More than one such prayer is spoken in the month of November. And amidst the striking of the bells and the dropping of the leaves, they clear out of church, saying one to another in low tones: “I say, neighbour; up there lives a woman of whom folk speak well and ill. For myself, I dare say nothing; but she has power over the world below. She calls up the dead, and they come. Oh, if she might—without sin, you know, without angering God—make my friends come to me! I am alone, as you must know, and have lost everything in this world. But who knows what this woman is, whether of hell or heaven? I won’t go (he is dying of curiosity all the while); I won’t. I have no wish to endanger my soul: besides, the wood yonder is haunted. Many’s the time that things unfit to see have been found on the moor. Haven’t you heard about Jacqueline, who was there one evening looking for one of her sheep? Well, when she returned, she was crazy. I won’t go.”

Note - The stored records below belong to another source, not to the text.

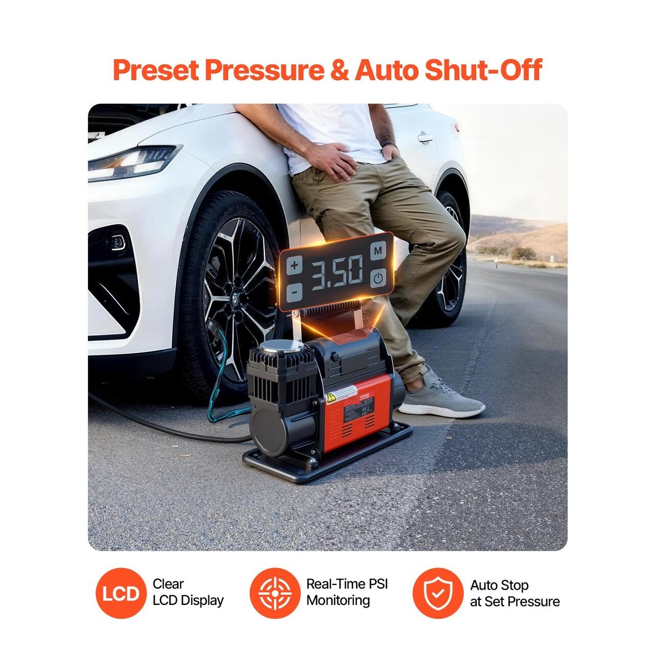 Presiune presetata si oprire automata: Pastrati controlul cu afisajul digital LCD care monitorizeaza presiunea in anvelope in timp real. Setati presiunea dorita, iar anvelopa se va opri automat cand este atinsa — eliminand supraumflarea, subumflarea si monitorizarea constanta a manometrului.
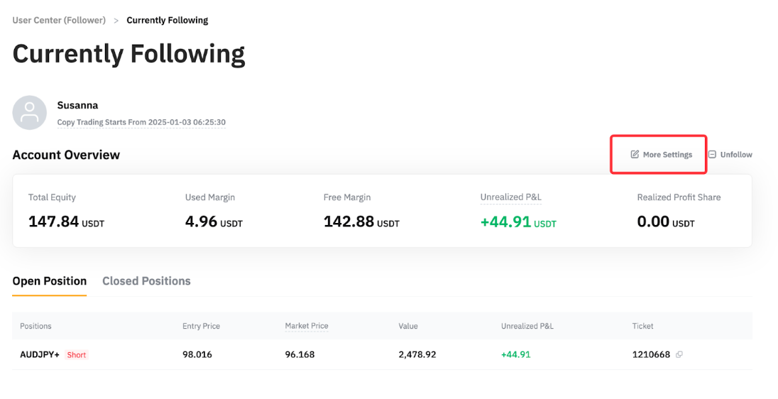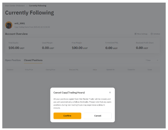 Усі позиції відповідного майстер-трейдера будуть закриті, й ви автоматично припините підписку на майстер-трейдера, коли спрацює TP/SL. Зверніть увагу, що тригери стоп-лосу (SL) не виконуються миттєво, і через ринкові умови, пріоритет виконання та час обробки системи може виникнути затримка на кілька хвилин.
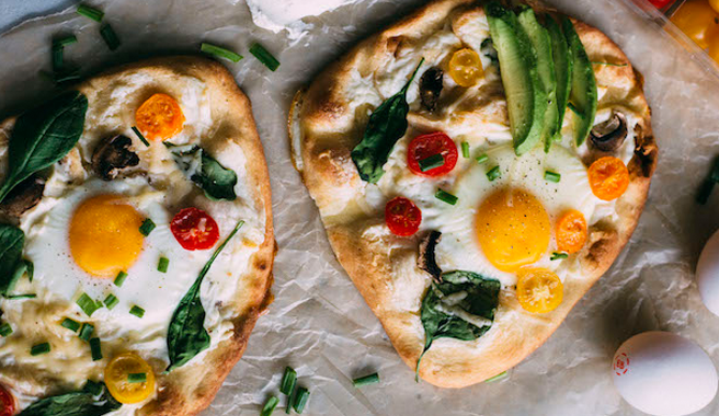 Ok, ok so we've been eating pretty healthy with salad and fritters, so now we're eating pizza. But not just any pizza: egg pizza! Oh, and let me tell you a secret: this pizza is actually pretty healthy, so the trick's on you! I used naan bread and topped it with cream cheese, vegetables and a fried EB egg–great for breakfast, lunch or dinner, really. -Erin
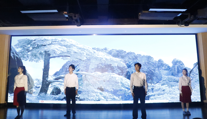 诗词朗诵会由“致英雄”、“致祖国”两部分十个作品组成,师生们齐聚一堂,用激情澎湃的诗词朗诵抒发了对祖国母亲的深情祝福。从雄浑激昂的《吹号者》唤醒黎明,到颂唱《丰碑》般的坚韧精神,从《读中国》的深沉,到《青春中国》的激昂,从《红旗颂》中那抹不屈的红,到《当国旗升起的时候》那份骄傲与自豪,让大家跟随诗词深刻感受祖国75年来的沧桑巨变和伟大成就。
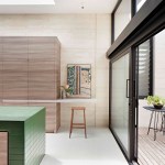 Hydronic heating within the concrete floor evenly heats the home in the winter. Whilst we used a simple and pale palette of timber, rammed earth and a pale concrete floor we used some strategic graphic insertions to the interior design to excite and delineate areas. The green tiled island bench is one such example. Using a hardwearing commercial grade tile, the green also helps connect the landscaping with the internal space.

Thus unknown to each other, many of the men at least went thither. For as yet the women hardly dared so great a risk. They remark the dangers of the road, ask many questions of those who return therefrom. The new Pythoness is not like her of Endor, who raised up Samuel at the prayer of Saul. Instead of showing you the ghosts, she gives you cabalistic words and powerful potions to bring them back in your dreams. Ah, how many a sorrow has recourse to these! The grandmother herself, tottering with her eighty years, would behold her grandson again. By an unwonted effort, yet not without a pang of shame at sinning on the edge of the grave, she drags herself to the spot. She is troubled by the savage look of a place all rough with yews and thorns, by the rude, dark beauty of that relentless Proserpine. Prostrate, trembling, grovelling on the ground, the poor old woman weeps and prays. Answer there is none. But when she dares to lift herself up a little, she sees that Hell itself has been a-weeping.
It is simply Nature recovering herself. Proserpine blushes self-indignantly thereat. “Degenerate soul!” she calls herself, “why this weakness? You came hither with the firm desire of doing nought but evil. Is this your master’s lesson? How he will laugh at you for this!”
“Nay! Am I not the great shepherd of the shades, making them come and go, opening unto them the gate of dreams? Your Dante, when he drew my likeness, forgot my attributes. When he gave me that useless tail, he did not see that I held the shepherd’s staff of Osiris; that from Mercury I had inherited his caduceus. In vain have they thought to build up an insurmountable wall between the two worlds; I have wings to my heels, I have flown over. By a kindly rebellion of that slandered Spirit, of that ruthless monster, succour has been given to those who mourned; mothers, lovers, have found comfort. He has taken pity on them in defiance of their new god.”